▸ **Records supplied**
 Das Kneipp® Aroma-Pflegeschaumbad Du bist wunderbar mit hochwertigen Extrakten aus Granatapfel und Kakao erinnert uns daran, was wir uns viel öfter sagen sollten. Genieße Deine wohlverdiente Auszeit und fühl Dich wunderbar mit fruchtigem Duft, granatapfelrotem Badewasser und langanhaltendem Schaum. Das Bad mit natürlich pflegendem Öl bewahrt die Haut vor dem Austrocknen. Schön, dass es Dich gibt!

==

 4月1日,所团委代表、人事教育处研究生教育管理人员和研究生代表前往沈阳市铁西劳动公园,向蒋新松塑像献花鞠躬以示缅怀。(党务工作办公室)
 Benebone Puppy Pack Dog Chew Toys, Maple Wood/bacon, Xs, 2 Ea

▸ **Exercise aim**
Copy range, inclusive: the line holding "4月1日,所团委代表、人事教" to the line holding "Benebone Puppy Pack". Reproduce exactly those lines of the records above and no others.

▸ **Reply to the exercise**
 4月1日,所团委代表、人事教育处研究生教育管理人员和研究生代表前往沈阳市铁西劳动公园,向蒋新松塑像献花鞠躬以示缅怀。(党务工作办公室)
 Benebone Puppy Pack Dog Chew Toys, Maple Wood/bacon, Xs, 2 Ea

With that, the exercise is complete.